What you should do. Transcribe the listing below exactly, from its first line through the line with "regrets | |". Omit the pictures.
════════════════════
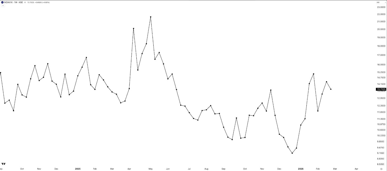 INDIAVIX fell 4.6% to close at 13.7 for the week. Despite this, 0DTE NIFTY straddle premiums remain above 200 — likely a function of the weekend ahead rather than any underlying vol concern. Nothing material to read into here.
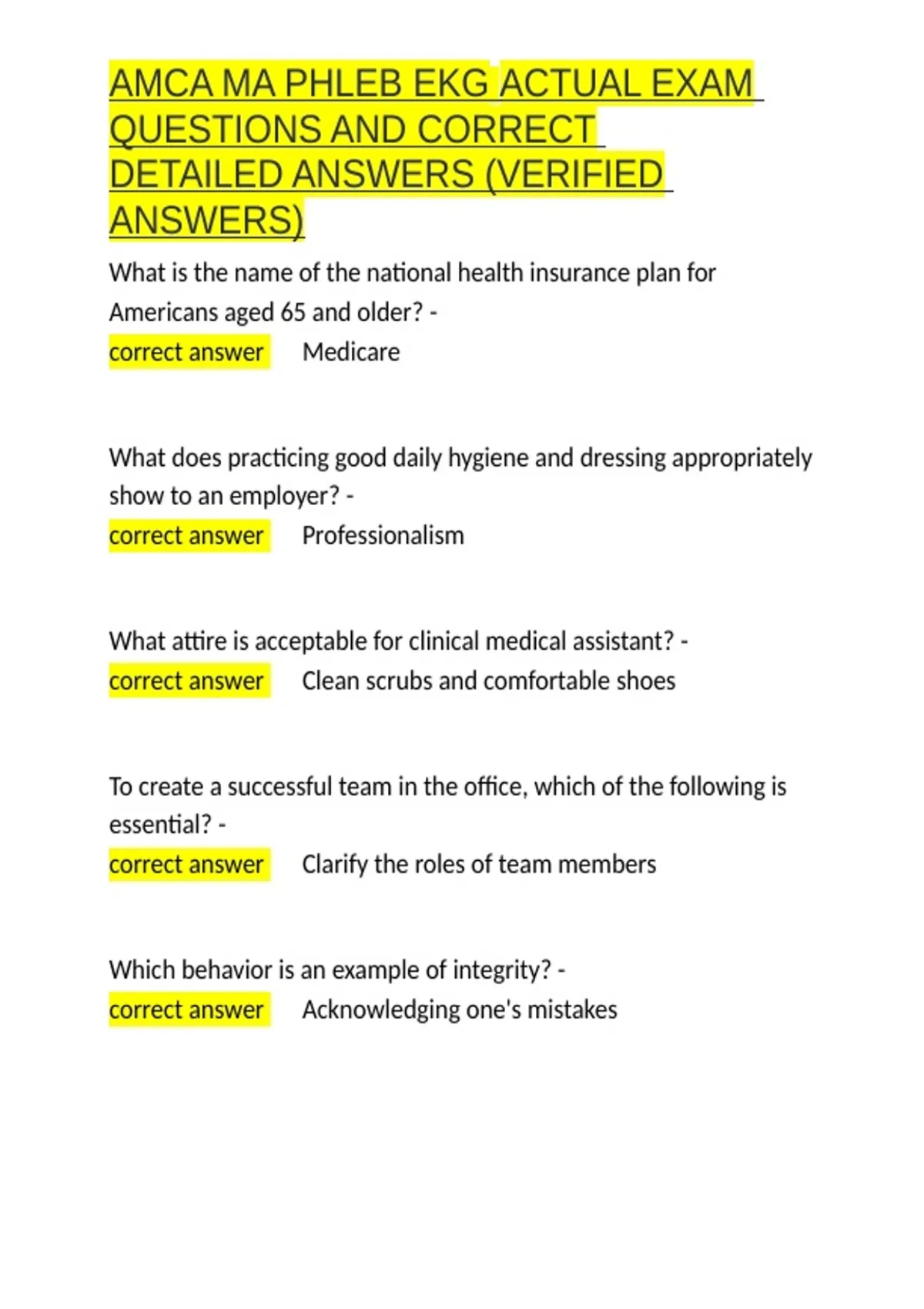 , AMCA MA PHLEB EKG ACTUAL EXAM
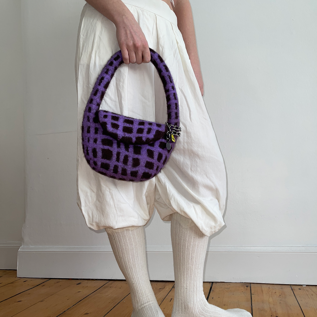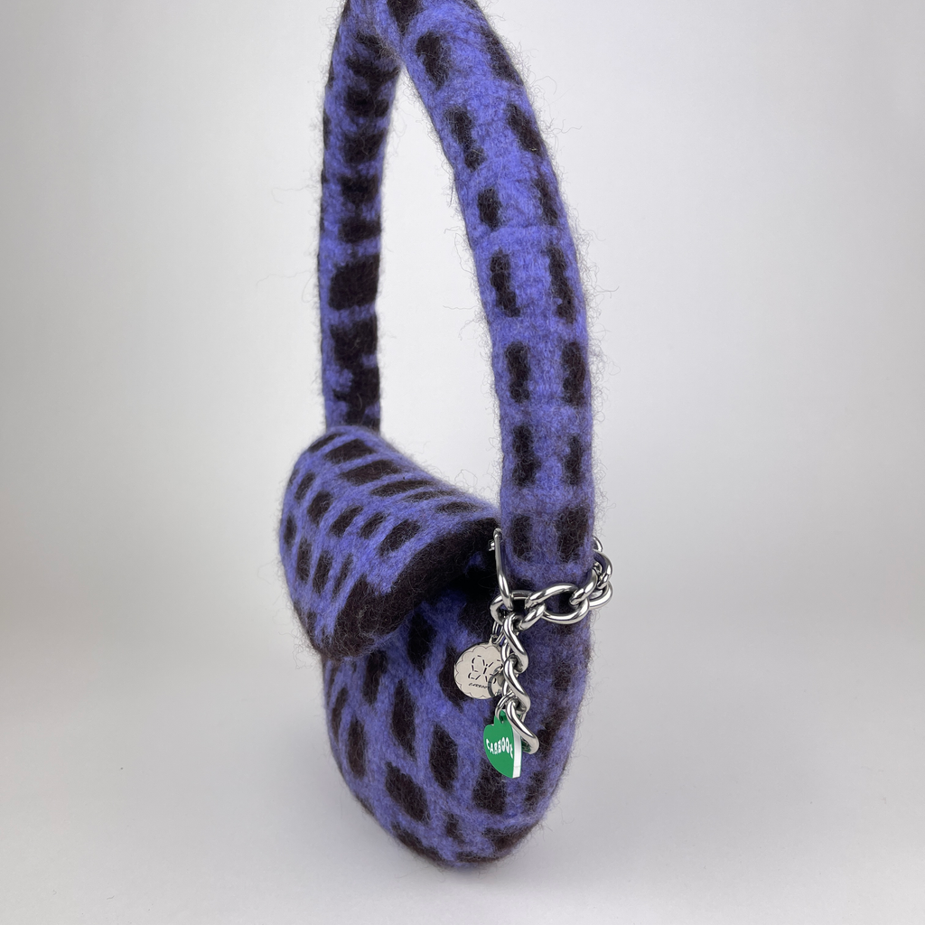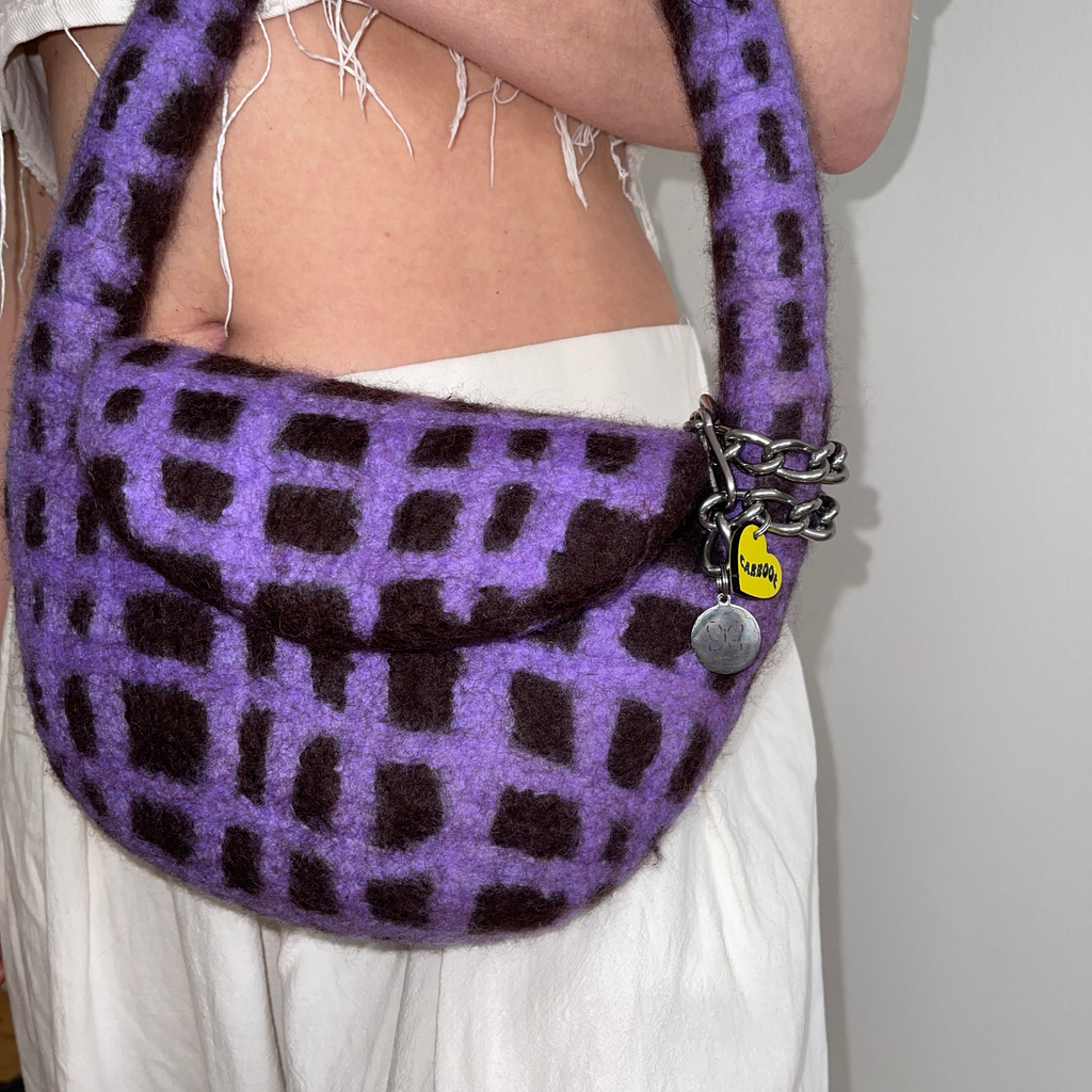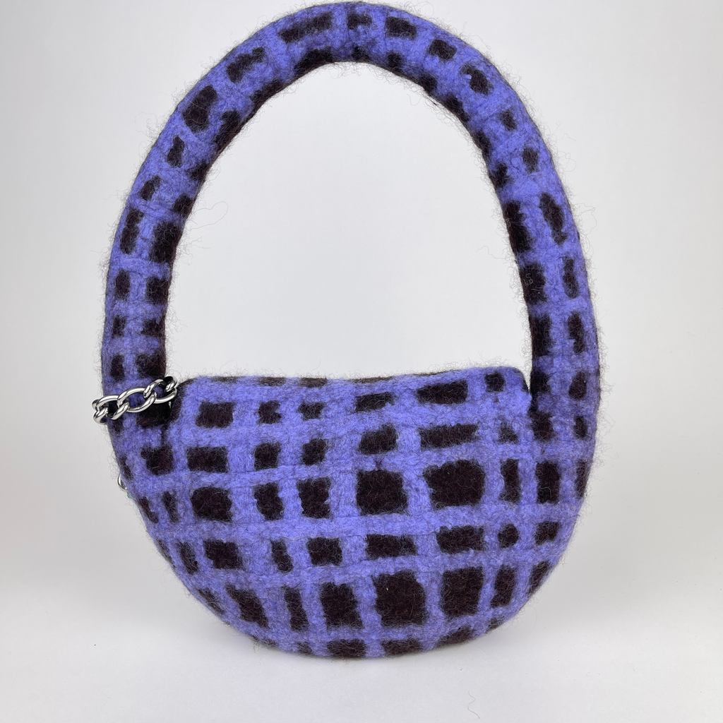 A slim, hand-felted round shoulder bag with an integrated plaid pattern. Fastened with a silver Riri zip and finished with a stainless steel chain & Carboot charms.
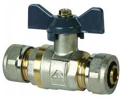Кран шаровый для МП труб 20х20мм цанга-цанга бабочка никель Aqualink (10/100)
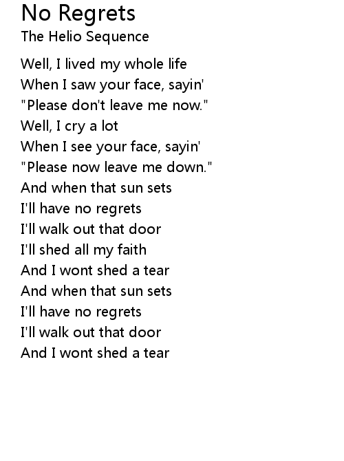 | I'll have no regrets | |
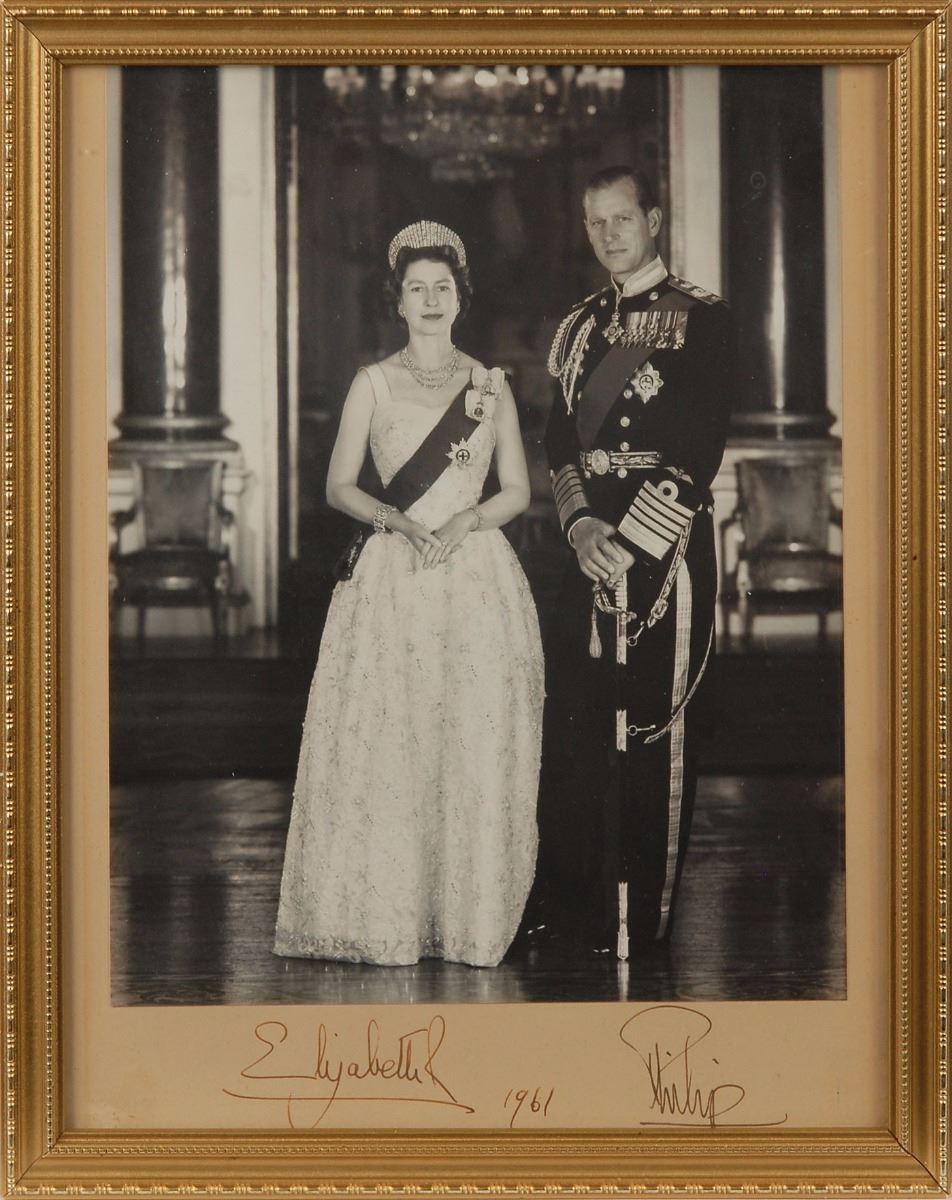 Superb vintage matte-finish 7 x 8.5 full-length portrait of Queen Elizabeth with Prince Philip, affixed to its original mount, signed on the mount in fountain pen, "Elizabeth 1961," and in black ink, "Philip." Reverse of frame bears collector's notations indicating that the signatures were obtained during the Royal Tour of Italy in 1961. Framed and in fine condition.
════════════════════
Task response.
 INDIAVIX fell 4.6% to close at 13.7 for the week. Despite this, 0DTE NIFTY straddle premiums remain above 200 — likely a function of the weekend ahead rather than any underlying vol concern. Nothing material to read into here.
 , AMCA MA PHLEB EKG ACTUAL EXAM
 A slim, hand-felted round shoulder bag with an integrated plaid pattern. Fastened with a silver Riri zip and finished with a stainless steel chain & Carboot charms.
Кран шаровый для МП труб 20х20мм цанга-цанга бабочка никель Aqualink (10/100)
 | I'll have no regrets | |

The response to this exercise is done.